L’altra faccia del Branca…

brancaroma.JPGSe sfogliate una qualsiasi rivista sugli eventi della “ Roma by night “ vi imbatterete di certo nel Brancaleone oggi come oggi uno dei locali notturni più all’avanguardia nella Capitale.
Offre musica altamente ricercata per chi è appassionato di dj e di musica elettronica.
Ha ospitato nomi come quelli di Miss Kittin o Ralph noti per animare notti folli nei club più in di Ibiza o Londra.
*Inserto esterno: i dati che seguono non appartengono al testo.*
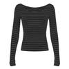 One-word Neck Striped Light and Slim-fit Long-sleeved Spice Girl Sexy Off-the-shoulder Simple Versatile and Thin Relaxed Top
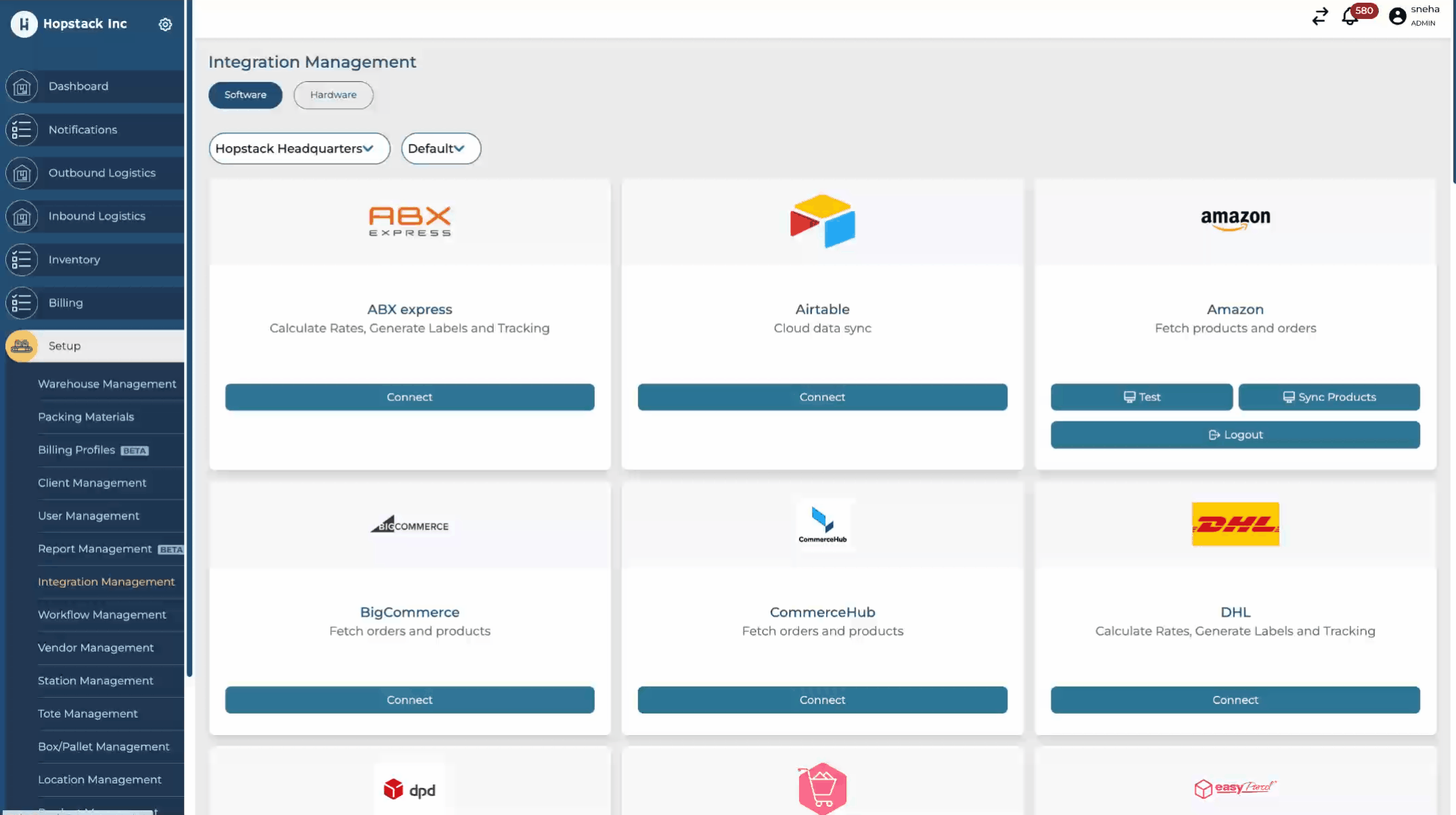 This signifies that the integration is connected and active for the chosen client and warehouse.
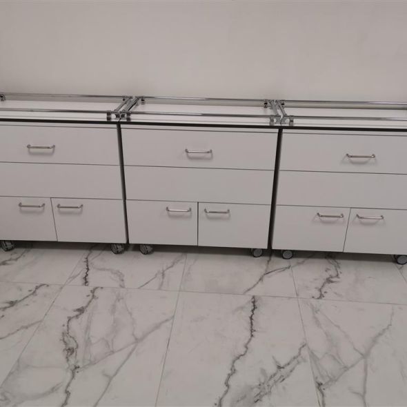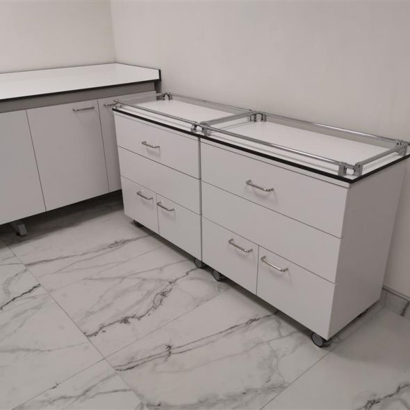Alt ve üst dolap laboratuvar mobilyalarında tercih edilen ekonomik sistemlerindendir. İhtiyaçlara göre oldukça fazla alternatif mümkündür. Kullanıcının ihtiyaçlarına ve taleplerine uygun olarak, çekmeceli, raflı modüler sistemler sağlanmaktadır. Kullanılacak olan aksesuarlar korozyona dayanıklıdır. 18mm kalınlığında birinci sınıf mdflamdan üretilen dolap ve kapak sisteminin kimyasal dayanımının arttırılması amacıyla anti asit laminant uygulanarak, kapak  kenarları 2mm PWC ile kaplanmaktadır. Çekmeceli tasarımlarda frenli teleskobik ray sistemi kullanılmaktadır.
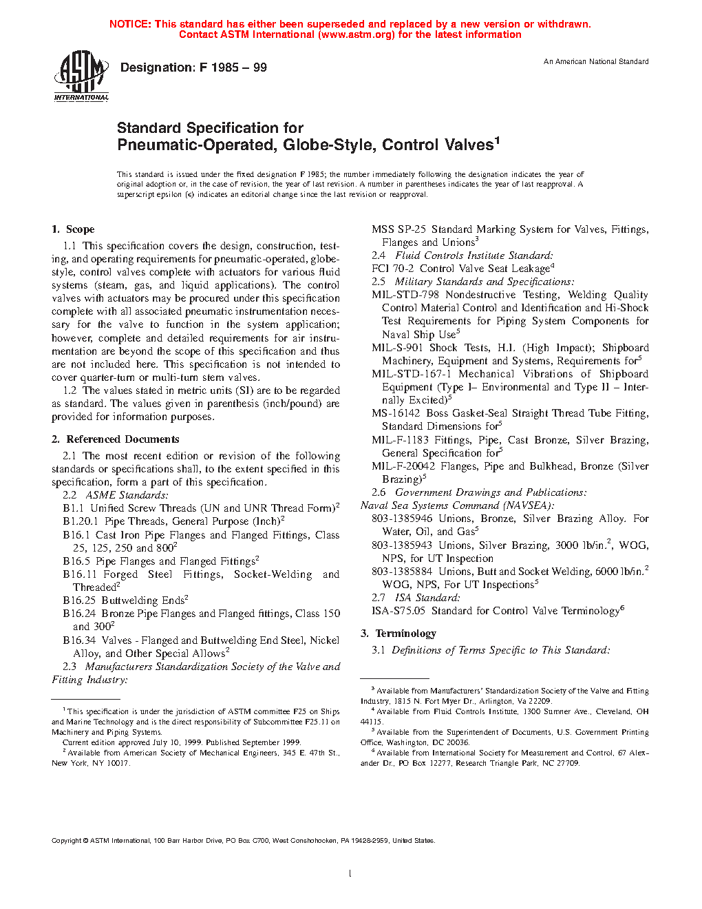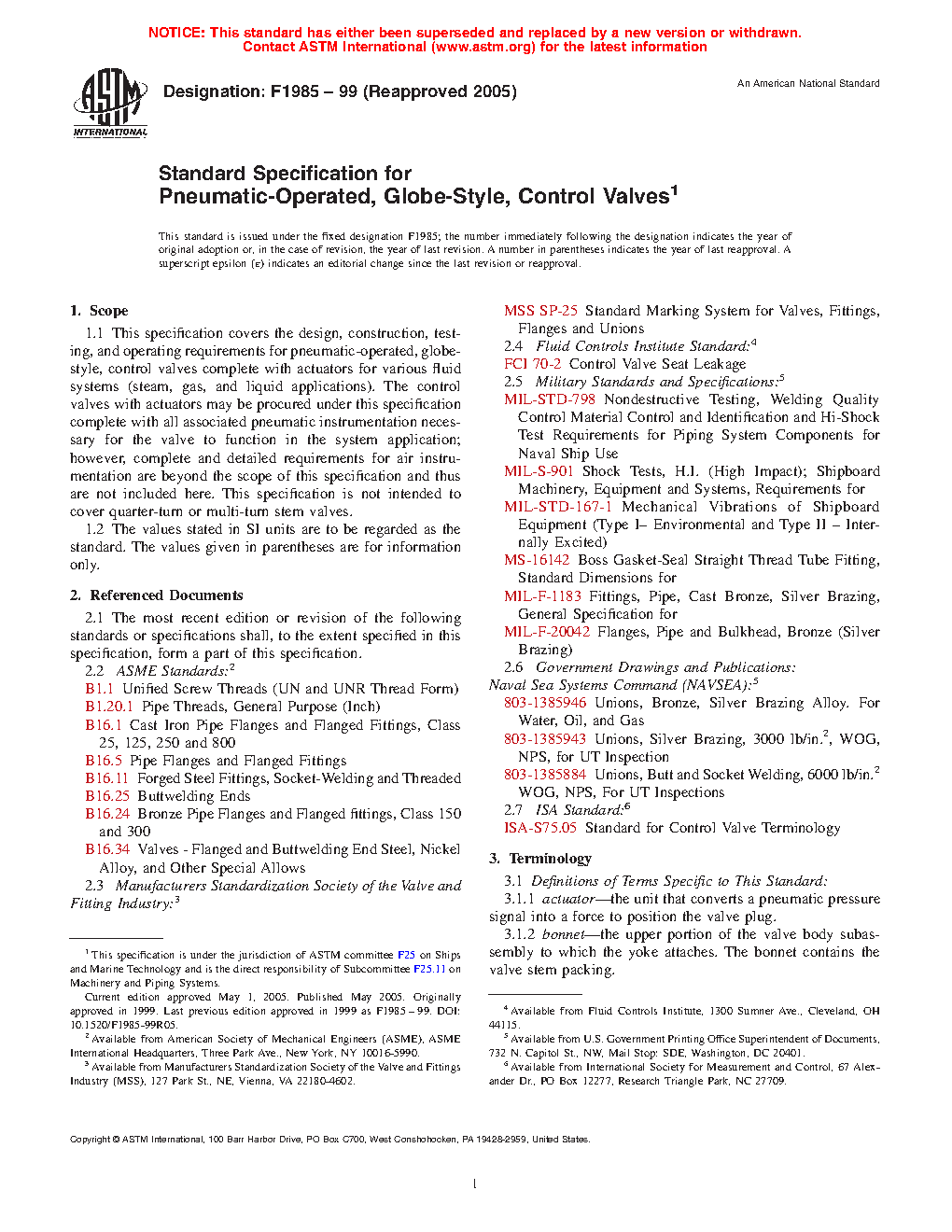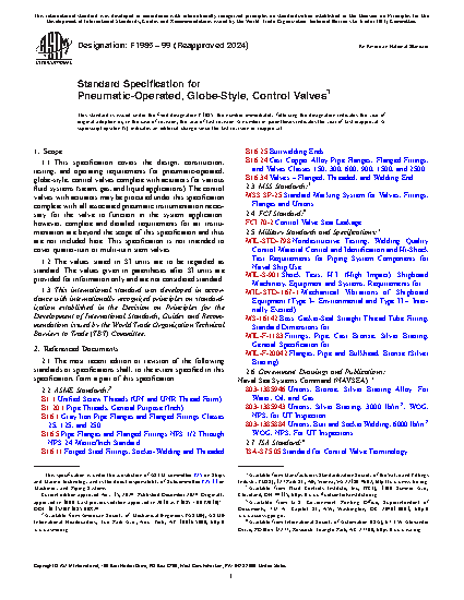 This specification covers the design, construction, testing, and operating requirements for pneumatic-operated, globe-style, control valves complete with actuators for various fluid systems (steam, gas, and liquid applications). The control valves with actuators may be procured under this specification complete with all associated pneumatic instrumentation necessary for the valve to function in the system application. Valves shall be of following material grades: Grade A; Grade B; Grade C; and Grade D. Valves shall be of following pressure rating types: Type 1; Type 2; Type 3; and Type 4. The inherent flow characteristics of the valve shall be specified as quick-opening, linear-opening, equal-percentage opening, or as specified. Visual examination, hydrostatic shell test, nondestructive examination, seat leakage test, and functional test shall be performed to conform with the specified requirements.
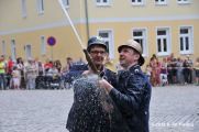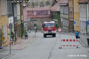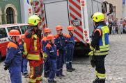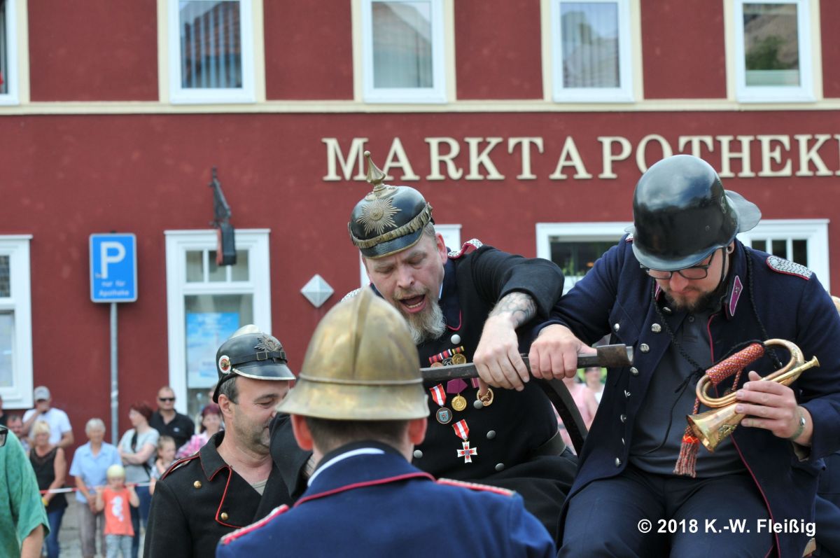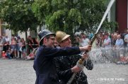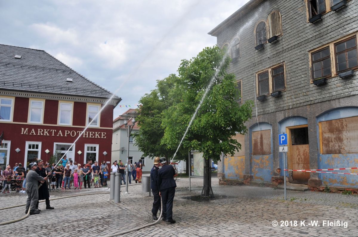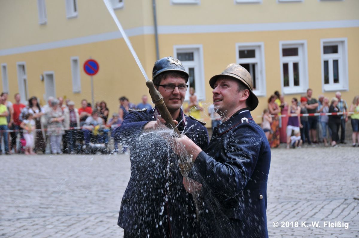 Die Löschmannschaft der Spritze legt am Marktbrunnen an und bekämpft den Brand im Deutschen Haus. Wussten sie schon...?
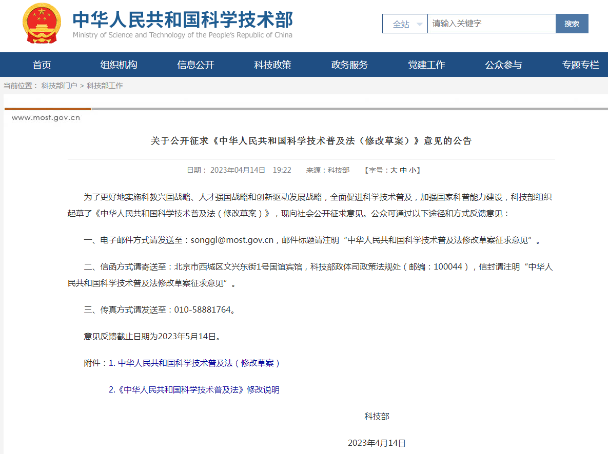 近日,科技部发布《关于公开征求<中华人民共和国科学技术普及法(修改草案)>意见的公告》(以下简称:《修改草案》)。
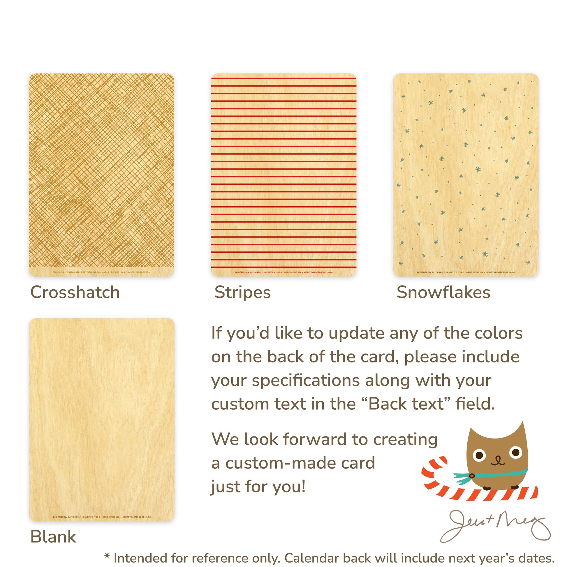 Celebrate the season with our Starry Tree holiday cards featuring a festive red and green Christmas tree with “Merry Christmas” text, set against a snowy sky. Printed on your choice of real wood or eco-friendly paper, these custom cards are simple to customize and perfect for sending warm wishes to loved ones, neighbors and colleagues. To get started:
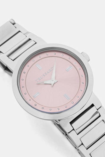 Итальянские женские часы Trussardi T-Bridge R2453171508 - это стильный женский аксессуар, который сочетает элегантный дизайн и практичность. Корпус выполнен из нержавеющей стали, что обеспечивает долговечность и утончённый внешний вид. Надежное минеральное стеклоМинеральное стеклоМинеральное стекло представляет собой искусственно выращенный минерал кварца. Такое стекло отличается особой устойчивостью к повреждениям и царапинам. Уступает по некоторым качествам сапфировому стеклу. защищает циферблат с кристаллами от царапин и обеспечивает долговечность. Модель оснащена кварцевым механизмом, обеспечивающим высокую точность хода. Браслет из нержавеющей стали на раскладной застёжкеРаскладная застёжкаТакой тип застёжки используется только на браслетах из металла. Она никогда не раскрывается полностью, происходит разделение на 2 и более частей. Раскладывающая застёжка снизит вероятность потери часов к минимуму. обеспечивает комфортное ношение. Водозащита 50 метров позволит защитить корпус от случайных брызг или капель дождя. Эта модель – отличный выбор для тех, кто ищет сочетание стиля, качества и функциональности. Часы станут не только полезным аксессуаром, но и выразительным элементом вашего имиджа.
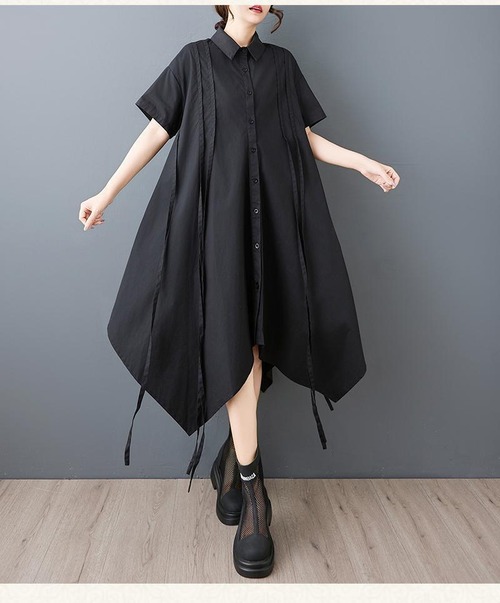 大きいサイズ イレギュラー ワンピース レディース 春夏 新品 半袖 変形裾 ブラック シャツ
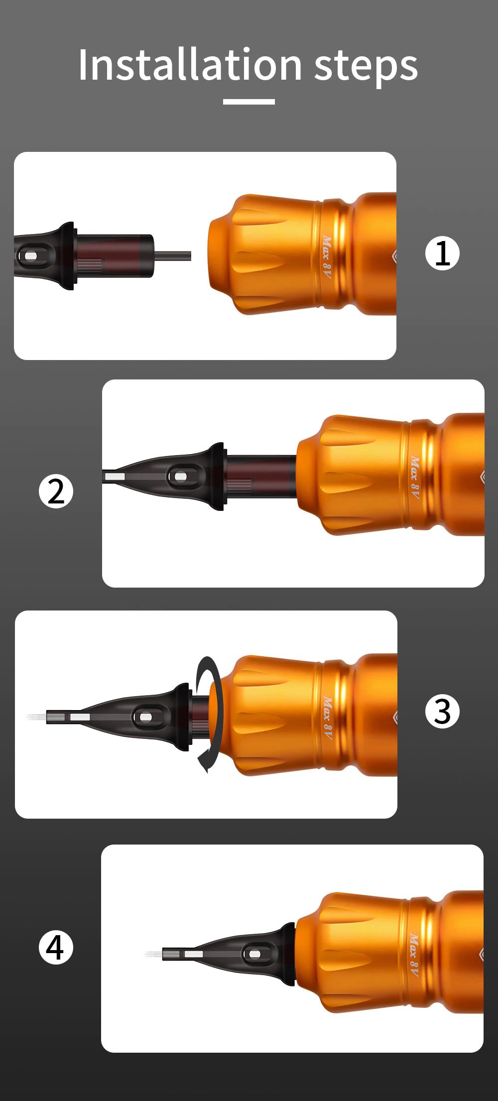2. Cette machine à tatouer est compatible avec presque toutes les marques d'alimentations électriques et de types d'aiguilles à cartouche.
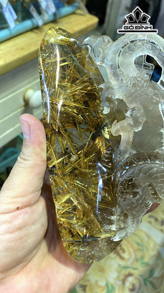 Rồng Hoa Thị Đá Thạch Anh Tóc Vàng Cao 15,6 Ngang 10,2 Sâu 8,5 (cm) 0,7kg

È un locale decisamente appetibile anche per quello che riguarda il prezzo ed uno dei pochi club a non annoverare fastidiose selezioni all’entrata.
Ma per tutti i giovani di Monte Sacro e dintorni il Branca è indelebilmente legato al passato.
È legato ad un periodo della vita magico e appassionato : quello della prima adolescenza, dei grandi e travolgenti ideali. Oggi si parla di Brancaleone come di un locale notturno ma prima era solo uno dei tantissimi Centri Sociali Occupati di una qualsiasi periferia romana. Un luogo dove esibirsi con il gruppo musicale appena messo in piedi con quattro amici, il luogo dove bersi una birretta e dove , perché no, fumarsi una canna in compagnia.
Forse è questa la ragione per cui per me e tanti come me il Branca ha un po’ tradito quello che era e rappresentava: un luogo intimo di ritrovo assolutamente scevro da ogni fine di lucro.
Un luogo che difficilmente potremmo dimenticare.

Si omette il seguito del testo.